Тогда считалось, что все французское непременно связано с революцией. И правда: разве упадок в нашей жизни не начался с этой чертовой крем-карамели? Мы опускались все ниже, готовя ризотто в шампанском, глотая «перышки» с водкой и домашнюю лапшу с ароматом роз, смирившись с очевидным, стремительным разложением. Мир меняется вместе с меню, а мы не обращаем на это внимания. Впрочем, отец спас меня в тот день, как выполнивший боковой удар футболист. Его не убедили.
– Мой сын будет бисквит, – заявил он с самоуверенностью южноамериканского диктатора.
Хотя меня от бисквита выворачивало и я бы охотно попробовал на зубок революцию.
После обеда мы пошли смотреть на две шлюпки, привязанные у раздолбанного деревянного причала. Отец не был завистлив, но тоже мечтал о собственной лодке. Тем летом он арендовал лодку на пару дней. Потому что боготворил рыбалку, хотя ничегошеньки в ней не понимал. К вечеру он поймал пару радужников. Не рыба, а ерунда, сгодится разве что на уху. Но отец достойно пережил разочарование и даже сумел отнестись к нему с юмором. Такой была жизнь, которую мы опрометчиво, совершая чудовищную ошибку, ни с того ни с сего приняли за смерть. Какими же мы были дураками! Что тут скажешь… Круглыми дураками. Но теперь, клянусь Мадонной, я верну все обратно. Легко. Мне достаточно самолета, пляжа, хибары и какой-нибудь отсталой страны. Я буду забрасывать сеть и не успокоюсь, пока она не вернется ко мне пустой. Есть, пить и веселиться. Я хочу того, к чему всегда призывали «Рикки э Повери». Хочу жить, как участники квартета «Четра». Хочу задернуть на окнах занавески. Выпить для успокоения ромашки и забыть обо всем, что бушует вокруг. И все.

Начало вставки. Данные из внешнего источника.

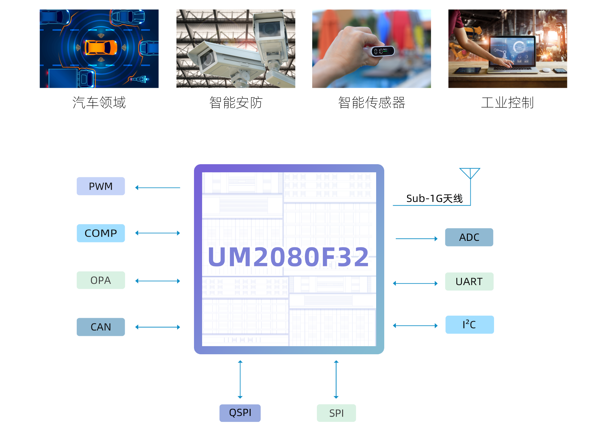 UM2080F32外部搭配通用標(biāo)準(zhǔn)振蕩器晶體,外圍零件少,整體成本頗具競(jìng)爭(zhēng)力,適用于智能協(xié)議控制的節(jié)點(diǎn),或者小網(wǎng)關(guān)等多種智能化應(yīng)用場(chǎng)景;可應(yīng)用在汽車,工業(yè)控制、智能安防、倉(cāng)儲(chǔ)物流、傳感與表計(jì)、智能家居、智能照明等低功耗廣域網(wǎng)應(yīng)用場(chǎng)景。
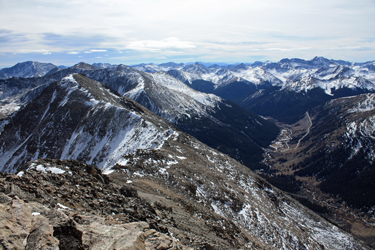 A climb of Mt. Champion and Pt. 13,736 seemed like the perfect way to spend a bluebird day, one of a series that now spanned the later half of October and were expanding into November. We had spent the previous night at the Leadville Super 8 after a great Lomo Saltado meal on the way through Denver and we were ready to climb. But no need to hurry at this time of year, we arrived at the trailhead at 8 a.m. after a stop in town for coffee, hot chocolate and some pastries. No thunderstorms . . . no hurry.

Хочу, чтобы меня чмокали в шею сзади, а еще заниматься любовью, почти стыдясь. Хочу, чтобы дни опять тянулись долго-долго. А на закате плакать, как Риккардо Коччанте. Хочу, чтобы опять было много нежности – прежде я ее стеснялся, потому что считал, что нежность равносильна слабости. Хочу научиться отметать все трудности одной рукой, а не нырять в их бездну стойким оловянным солдатиком. Хочу надеть очки и спокойно смотреть, как приближается старость.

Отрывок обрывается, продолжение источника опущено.